After that, and some very extensive cleaning, he’d painted the walls a soft, warm color somewhere between a haystack and a ripe autumn pumpkin that reminded him of his grandmother Vallerand’s chateau in Avignon. Frankie had done a bit more fudging on his self-imposed rules where his magic was concerned when he’d decided he wanted a mural of grapes, flowers, and vines along the west wall. It wasn’t his fault he couldn’t paint like that, at least not with his hands. The mural looked fantastic, anyway, by the time he finished. The afternoon sun hit it just right. The walls would help transport his customers from urban San Francisco to a golden late summer’s day in Tuscany.
Perfect.
He’d found old, scarred maple flooring at an antique materials warehouse, some mismatched but homey tables, and filled the room with fabrics in wine, purple, and green. His last project was the kitchen—his kingdom. Even though it had looked atrocious at first sight, it had surprisingly required the least work. The oven functioned perfectly, and the rest of the mess was solved rather easily with some screws and of course more cleaning. There always seemed to be more cleaning. His kitchen passed inspection, along with the dining area, and all the required licenses had been filed and paid for. Right about then, Frankie’s stomach began to flutter. It was nearly time.
The only thing left to do was to plan the first menu. Since he’d been revising it over and over practically since birth… Well, that just left panicking. And he had plenty of time to do that.
* * * *
L’Osteria opened with little fanfare and even fewer customers. Frankie had expected it—hoped for something different, but expected it all the same. His menu was a robust mushroom stew his grandmother used to make filled with herbs and wine, paired with chewy freshly baked rosemary and olive Tuscan-style bread. He had a nice selection of wines to offer and vanilla custard with blackberries for dessert. He also had a ton of leftovers by the time he closed his doors that evening. The few patrons who’d come in had raved about the fare. Frankie hoped the raves turned into recommendations. His Vallerand money would only last so long.
* * * *
Over the next few weeks, while Frankie experimented with soups and sandwiches, desserts, pastas, and quiches, his dining room slowly grew more crowded. The noise of happy customers rang cheerily through the doorway into his kitchen. Frankly, he was relieved. There was no way he could ever crawl back to his family in failure.
On a rainy Wednesday, close to a month after he’d first opened his doors, Frankie finally had his first full house. His newly hired waiter, sweet but bumbly Owen, had his hands full running big earthenware bowls of potato soup back and forth from the kitchen to the diners. Frankie had baked loaves of cheddar-topped focaccia to go with it earlier, and the whole place smelled like cheese and bread and home. Exactly like he’d always wanted.
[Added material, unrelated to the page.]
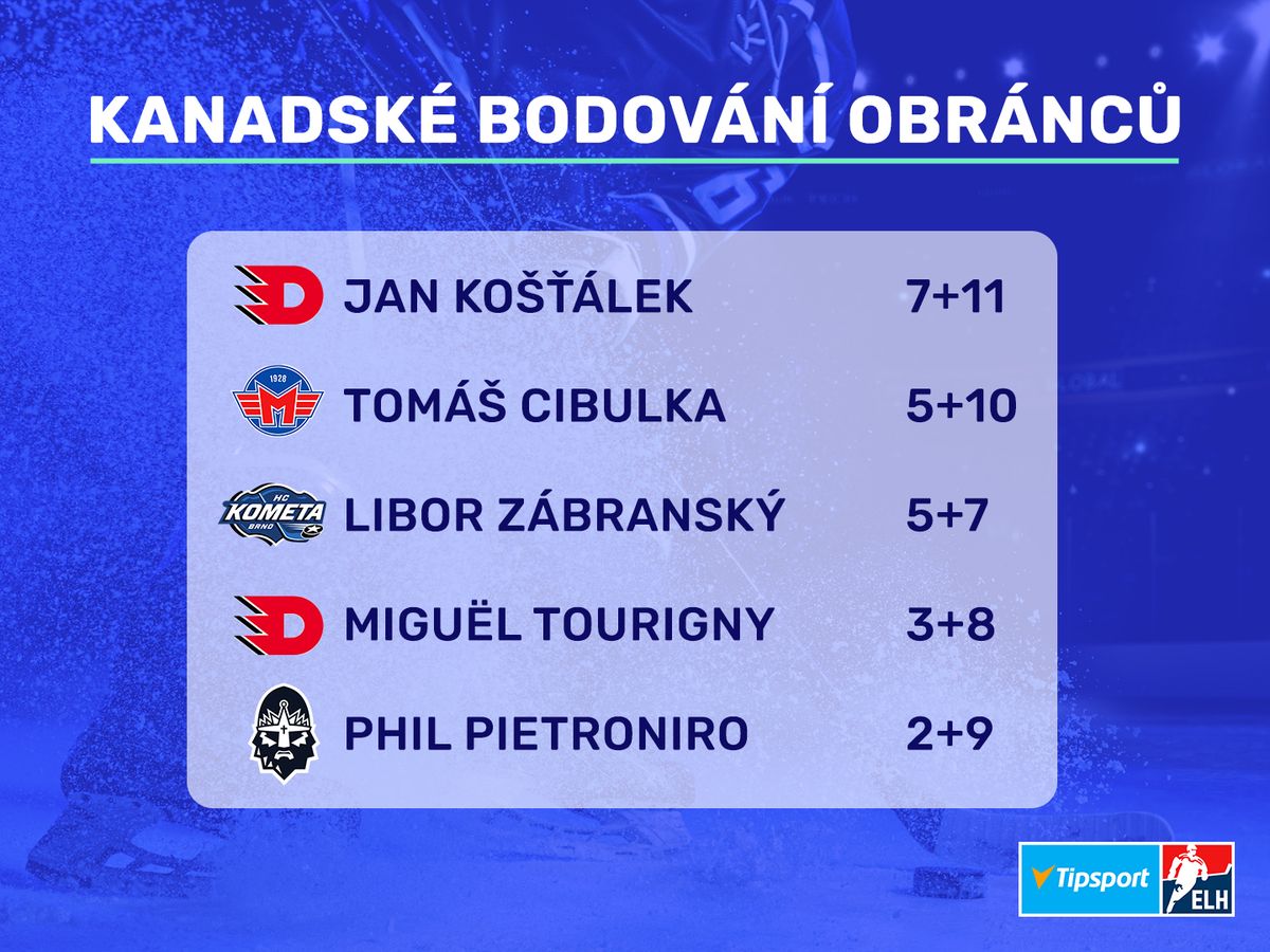 Kanadské bodování obránců Tipsport extraligy

Owen came bustling back into the kitchen with an empty tray. He nearly tripped on a raised section of flagstone but managed to right himself. Frankie made a mental note to have the flagstone fixed.
“Three more soups, two cobblers, and the woman at table eight wants to know how much a loaf of bread is to take home.”
“Coming right up!” Frankie turned and placed two of the individual peach cobblers on a rack in the brick oven to warm. He tried not to notice that Owen nearly tripped again but managed to save himself from disaster at the last moment. The poor guy was doing far better than when he’d first started. Truthfully, Frankie had always had a soft spot for strays, and Owen had had lost puppy written all over him.
He removed the cobblers from the oven, topped them with a dollop of cinnamon whipped cream, and gave them to Owen, who’d just returned from delivering the soup.
“Tell the woman on eight it’s four dollars for a loaf, and if she wants, I can bag it at the end of her meal so it’s still warm when she leaves.”
“Yes, sir.”
“Frankie,” he corrected.
“Um, Frankie.”
“Hey, what do you think of eggplant parm tomorrow with a chicken Caesar and chocolate almond mousse?”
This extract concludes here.